Attributing cases to providers

One patient may see multiple physicians and specialists in the same visit. As a result, attributing a patient’s care to the appropriate physician is a common challenge in OPPE and FPPE. Hospital staff must have a process in place to decide which patient cases should be used to evaluate which physicians.

Best practices for using data for OPPE and FPPE

Include data with measurable objectives.

While a wide variety of both qualitative and quantitative data can be used for OPPE and FPPE, including some measurable data that can be compared against existing benchmarks or objectives can aid in interpretation. “Ideally, some of the data should have measurable objectives that can also be compared with other providers doing similar work,” noted researchers in the Journal for Nurse Practitioners.

Consider the relationships you have.

Look to existing relationships, whether within or outside the health system, for additional data resources. For example, many hospitals’ quality departments have already found efficient ways to conduct clinical data abstraction and analysis. Relevant data may therefore be readily available for use in OPPE and FPPE, saving clinical staff from duplicating efforts.

Prioritize data integrity.

Data integrity (defined as high-quality, timely, and valid data) affects many factors, including patient care and future treatment development. Using inaccurate data in OPPE and FPPE could lead to errors in making decisions about providers’ performance and privileges. If hospitals do not have data integrity processes in place, third-party partners can help them ensure greater data integrity by using AI to identify inconsistencies in data and employing clinical data experts who regularly perform quality checks on data.

Engage providers in decision-making.

Including providers in decisions about OPPE and FPPE—particularly decisions surrounding what metrics to use in evaluation and which patients to attribute to each provider—can engage providers in the OPPE process and ensure that OPPE is effective for all involved staff. This is especially useful when working with specialists, as general OPPE metrics may not adequately capture the specific level of care specialists provide.

Use data sources and tools that make OPPE easier.

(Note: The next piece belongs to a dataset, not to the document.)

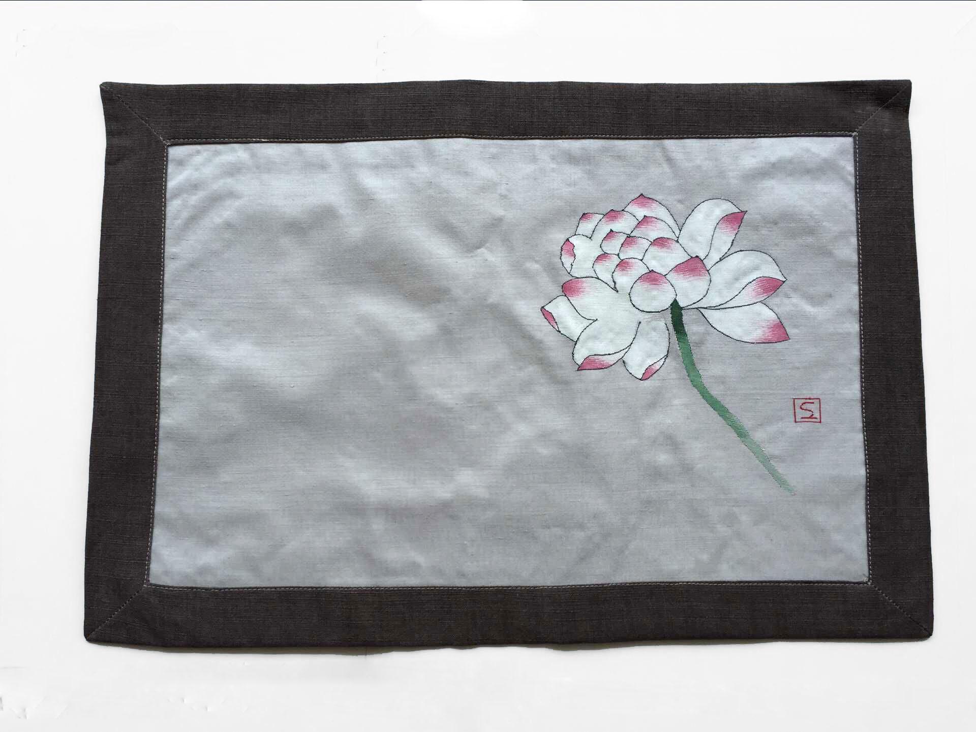 缂丝茶垫荷花灰边
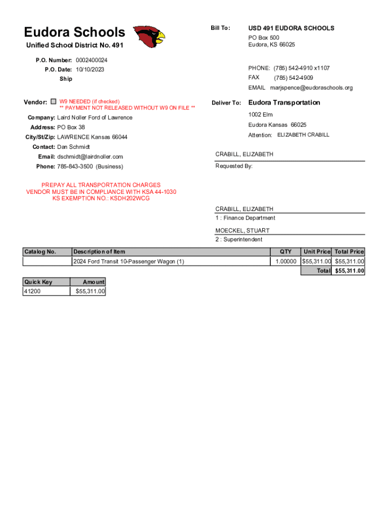 Eudora Schools Bill To:USD 491 EUDORA SCHOOLS PO Box 500 Eudora, KS 66025Unified School District No. 491 P.O. Number: 0002400024PHONE: (785) 5424910 x1107P. O. Date: 10/10/2023FAXShip(785) 5424909EMAIL

If a data source or reporting tool is difficult to use or access, it will likely prove burdensome for OPPE and FPPE. For example, a widely used EHR that can produce automated reports would be a good source for evaluating physician performance, as opposed to a scarcely used EHR that requires manual processes. For hospitals struggling with a particular tool, it may be time to consider a change.

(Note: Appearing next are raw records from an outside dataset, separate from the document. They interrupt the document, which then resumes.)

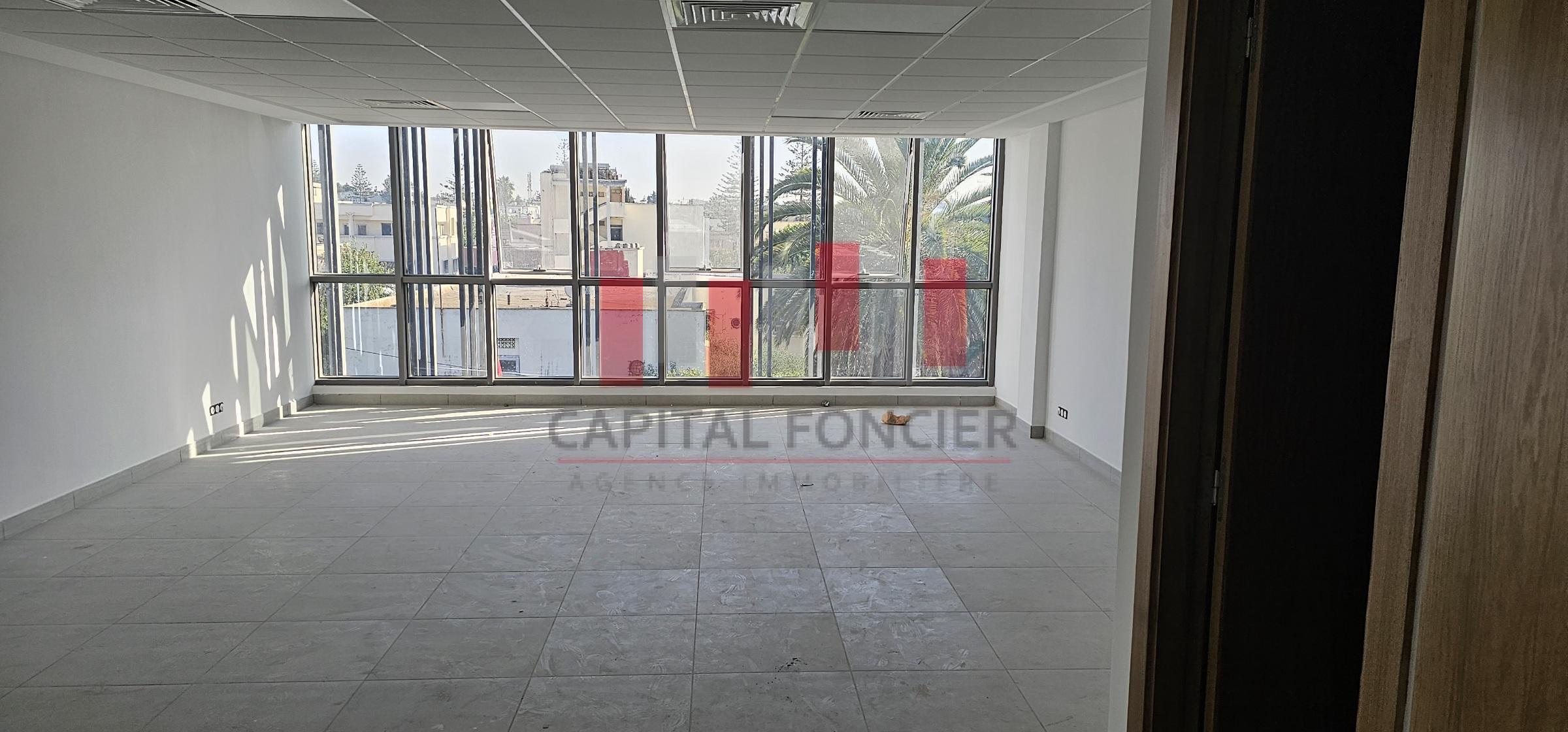 Faux plafond staff ,Climatisation réversible et système réseaux . Ces bureaux sont entièrement aménagés et  et sécurisée avec des cameras de surveillance installées + 2 sous sol de parking dont une capacité de 17 Places  .  Pour + info contacter Mr Driss au 0602977780
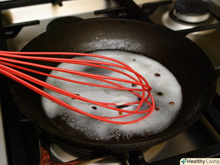 Додайте кілька крапель води в суміш.вода повинна змішатися з іншими інгредієнтами при перемішуванні суміші антипригарним приладом. Після того, як вона перетвориться в соус, вимкніть вогонь.
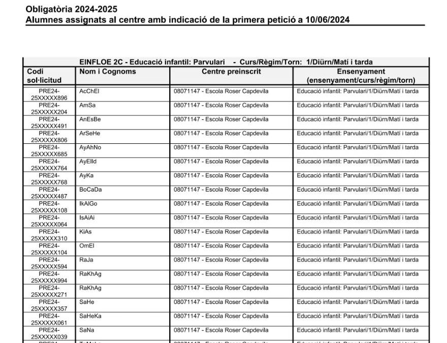 Persones assignades i en llista d’espera por Roser Capdevila | Jun 12, 2024 | Preinscripcions, General | 0 Comentarios Ja tenim publicat el llistat de les persones assignades al centre pel curs 24-25. També les persones que estan en llista d’espera. Enviar comentario Cancelar la respuestaTu dirección de correo electrónico no será publicada. Los campos obligatorios están marcados con *Comentario * Nombre * Correo electrónico * Web Guarda mi nombre, correo electrónico y web en este navegador para la próxima vez que comente. Δ
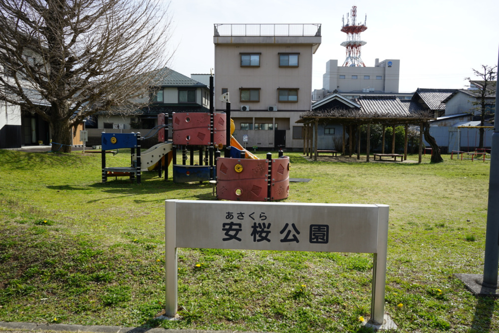 せきてらすに車を停めて、徒歩約5分の安桜公園へ。

Automate the data reporting process.

Research has shown that relying on automation for OPPE can save valuable staff time. Automation also has additional benefits: AI-enabled automation allows experts to sort through larger quantities of clinical data, which can improve efficiency, reach, and data integrity.


Changes and challenges in health care are inevitable, and it is easy for routine processes such as OPPE and FPPE to fall to the wayside when other priorities emerge. However, hospital leaders should not lose sight of their importance in assessing patient care.

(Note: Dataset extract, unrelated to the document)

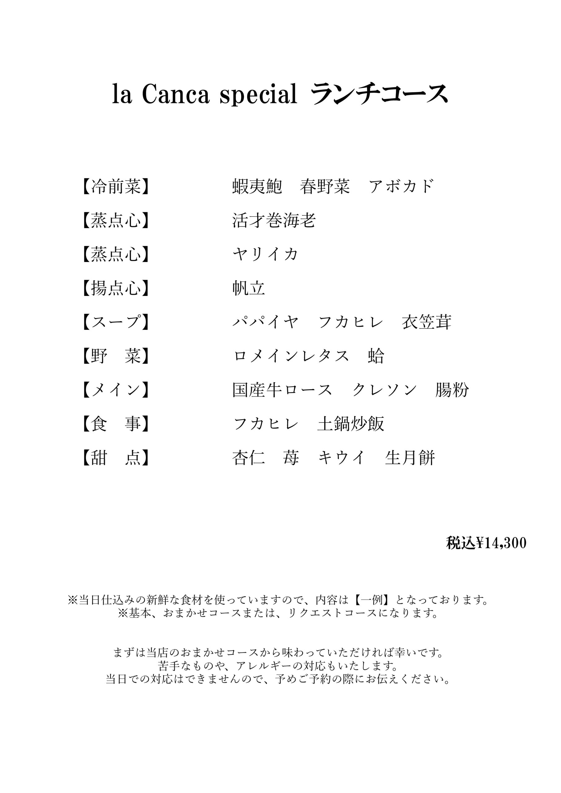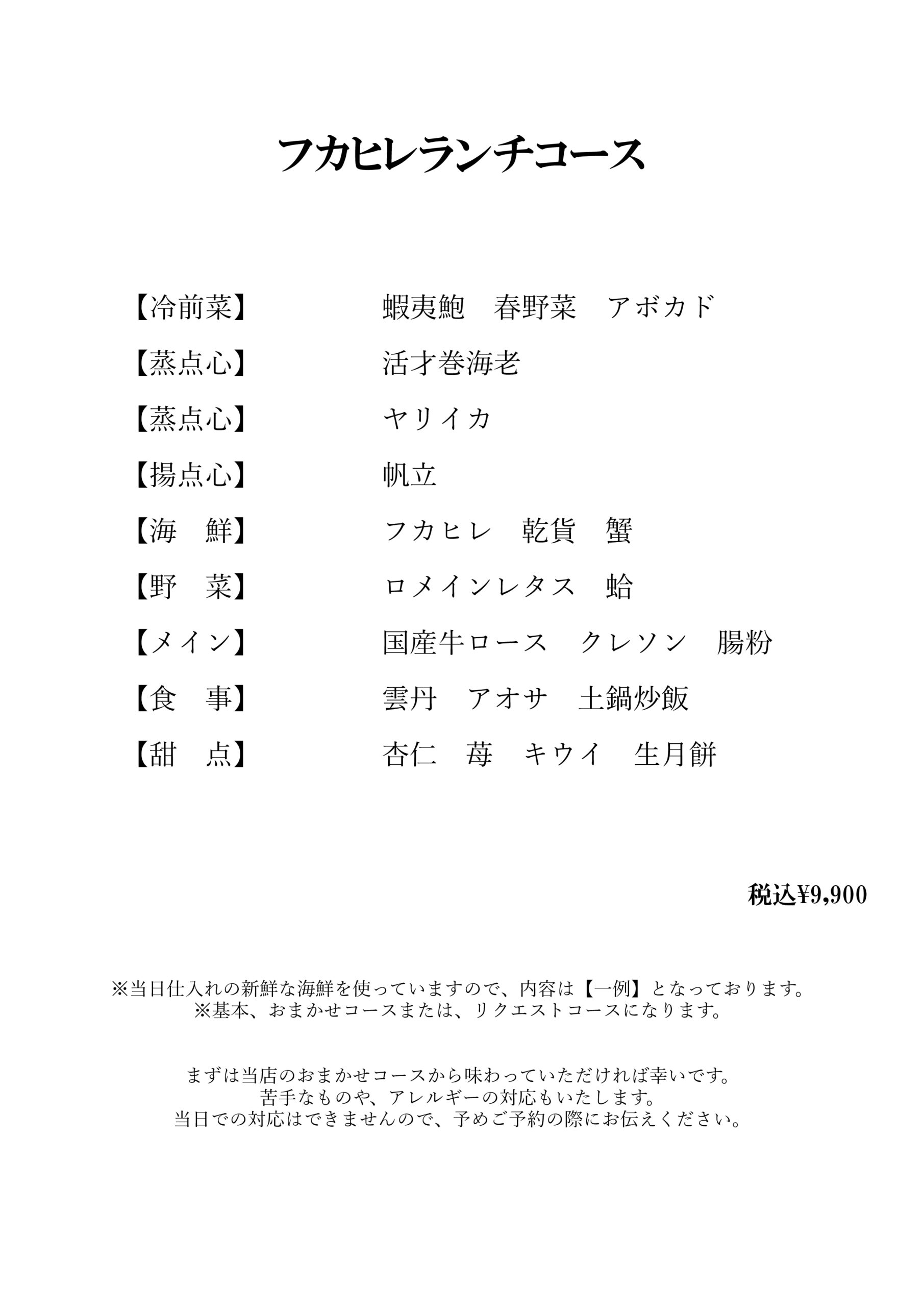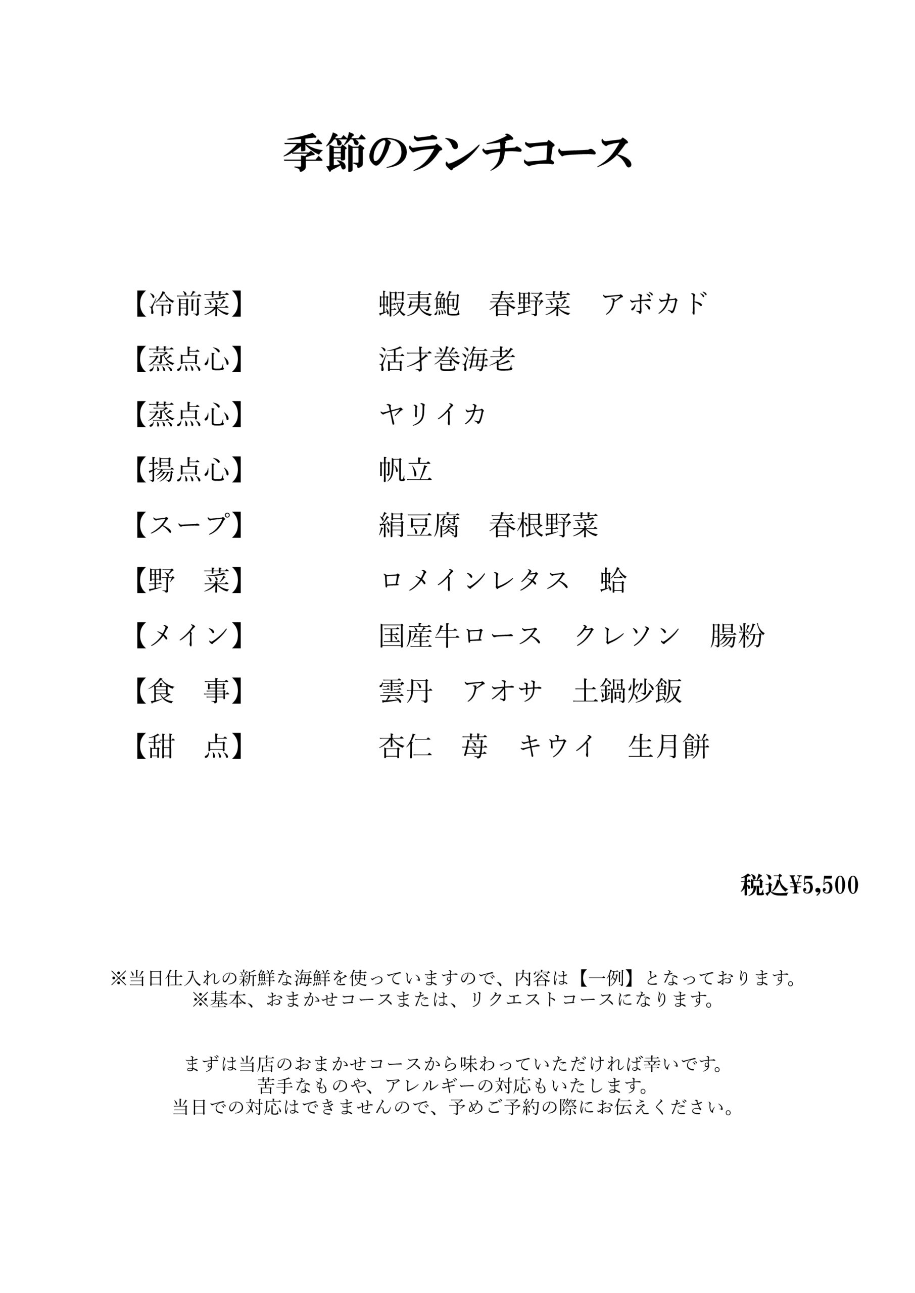 (ランチ、ディナーともに、上記金額に別途サービス料10%を頂戴いたします。)

There is no one simple solution that can manage the entire OPPE or FPPE process from start to finish. Hospitals need to find the right combination of tools and practices that work for them. There are, however, steps that clinical and quality departments can take to improve their OPPE and FPPE processes and save on staff time. By using measurable data, collaborating with outside partners, and engaging providers and specialists when making decisions, hospitals can ensure their OPPE and FPPE processes are both efficient and effective.

Moreover, taking action to improve data integrity and automate data reporting efforts can have immense value beyond meeting OPPE and FPPE requirements. With greater data integrity and the AI-powered ability to find meaning in large sets of data, hospitals will be more equipped than ever to make data-based decisions to improve patient care.